—Вот и славно-с, вот и славно-с! — заговорил он, смахивая с плеча винтовочный ремень, но, увидев Наташу, вновь насунул его и горестно сказал: —Ах ты милая девушка!

Наташа соскочила с постели и, судорожно подтягивая сжатые кулаки к подбородку, громко и торопливо спросила:

—Живой он? Говори! Говори все!

Пал Палыч взял ее за локти и нежно прислонил к себе.

—Все, все скажу. Давай-ка вот сядем.— Он подвел ее к скамейке, посадил и сам присел.— Начну с твоей печали, милая девушка. И с твоей и нашей общей печали.— Пал Палыч склонил голову и медленно потянул треух со своей лысой головы.— Первая жертва в великом деле — святая. Григорий Иванович приказал долго жить...

Наташа, откинув голову к стене, застонала. «Зачем же он про это говорит? Да еще как поп у аналоя?» — досадовал я.

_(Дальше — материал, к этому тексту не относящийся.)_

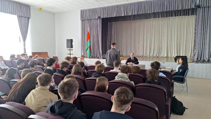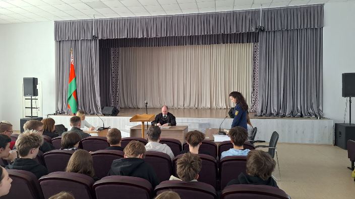 В учреждении образования «Солигорский государственный колледж» 31.03.2026 организовано выездное заседание суда. Слушали уголовное дело в отношении гражданина, который, пренебрегая законом, дважды управлял автомобилем в состоянии алкогольного опьянения в течение одного года. Суд вынес обвинительный приговор. Учащиеся смогли воочию увидеть неотвратимость наказания за нарушение правил дорожного движения, связанное с управлением транспортом в нетрезвом виде.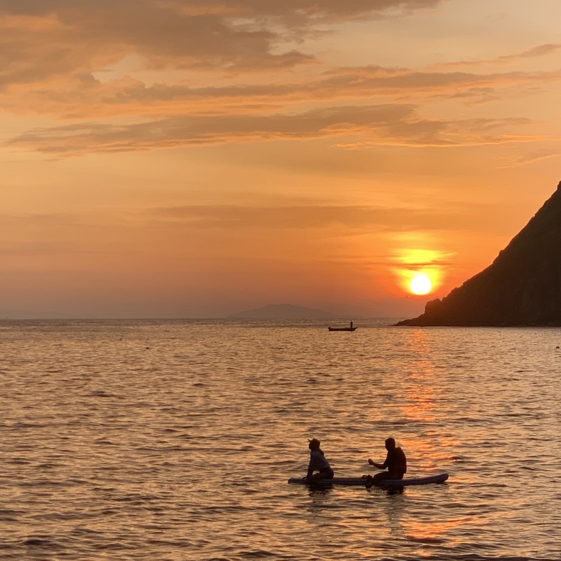 09:00 继续在岛上玩桨板,浮潜,昨天没有玩尽兴的亲们可以岛上嗨起来,大家在海上用桨板摆造型,早上的海水更清澈,如果玩浮潜,能看到清澈海底世界。

А теперь и радостное послушай, Наташенька,— вновь заговорил Пал Палыч. Заговорил бодро, оживленно.— Выстояли мы. Да-с. Но оправдания нам нет. Увлеклись успехами и забыли, что у революции врагов не один человек. Следили там за эсерами да офицерами, а вышло, маловато следили. Ну, они все же глупее нас оказались. Надо же додуматься, восстанием в Балакове революцию уничтожить, Советскую власть! За нее ведь народ. Тут и балаковцы вместе с большевиками на врагов революции кинулись, да вон и из Сула-ка полета человек прискакало, а тут из Николаевска брат Григория Ивановича Василий Иванович с отрядом. Ну, а уж с Гри...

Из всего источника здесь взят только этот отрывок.